SUPPLIED DATA: Begin

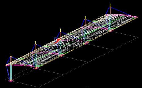 本工程膜材采用白色高端國產星益達PVDF高自潔環(huán)保建筑膜材,鋼結構采用更好的標準Q235B鋼材,表面采用酚醛底漆處理,面漆采用白色鋼結構專用快干磁漆。
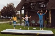 The AirTrack Spark is our biggest track for your home. Train alone or invite your friends! With its 5 meters long and 1.4 meters wide, the surface of the AirTrack Spark offers plenty of room for a good training session, whether you’re at home or at the gym. Having an extra 10 cm of thickness creates an incredible bounce. Take your training to new heights!
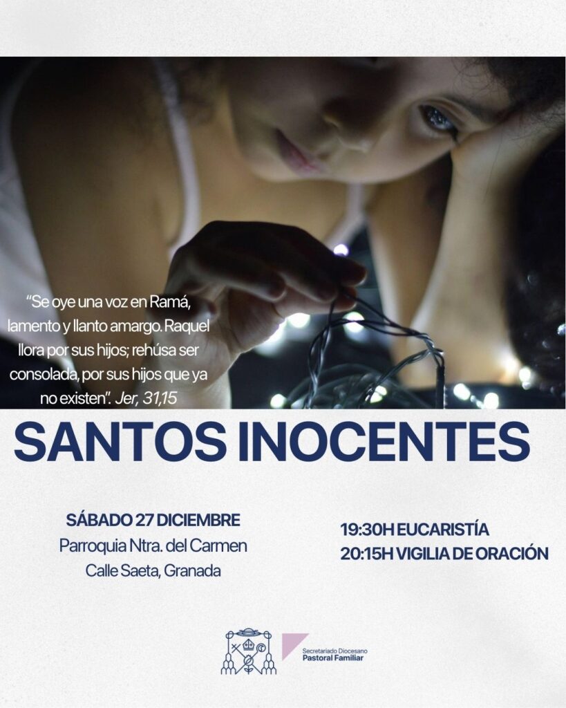 Con motivo de esta conmemoración, la Pastoral diocesana de familia y vida celebra una vigilia de oración con esta intención, que tendrá lugar el 27 de diciembre, a las 20:15 horas, en la parroquia de Nuestra Señora del Carmen (C/ Saeta, en Granada). Previamente, se celebrará la Eucaristía, a las 19:30 horas.
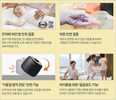 영하 1도 이하의 온도가 감지되면 자동으로 가동되며, 제품이 외부충격으로 넘어지거나 기울어 지면 전원을 차단합니다. 안전성이 뛰어나기에 아이를 키우는 집에서 선호하는 온수매트입니다. 가격은 10만원부터 입니다.

SUPPLIED DATA: End

| TASK ITEM |
From the line with "The AirTrack Spark is" through the end of the listing, write out every line exactly, leaving out the pictures.

| COMPLETED EXERCISE |
 The AirTrack Spark is our biggest track for your home. Train alone or invite your friends! With its 5 meters long and 1.4 meters wide, the surface of the AirTrack Spark offers plenty of room for a good training session, whether you’re at home or at the gym. Having an extra 10 cm of thickness creates an incredible bounce. Take your training to new heights!
 Con motivo de esta conmemoración, la Pastoral diocesana de familia y vida celebra una vigilia de oración con esta intención, que tendrá lugar el 27 de diciembre, a las 20:15 horas, en la parroquia de Nuestra Señora del Carmen (C/ Saeta, en Granada). Previamente, se celebrará la Eucaristía, a las 19:30 horas.
 영하 1도 이하의 온도가 감지되면 자동으로 가동되며, 제품이 외부충격으로 넘어지거나 기울어 지면 전원을 차단합니다. 안전성이 뛰어나기에 아이를 키우는 집에서 선호하는 온수매트입니다. 가격은 10만원부터 입니다.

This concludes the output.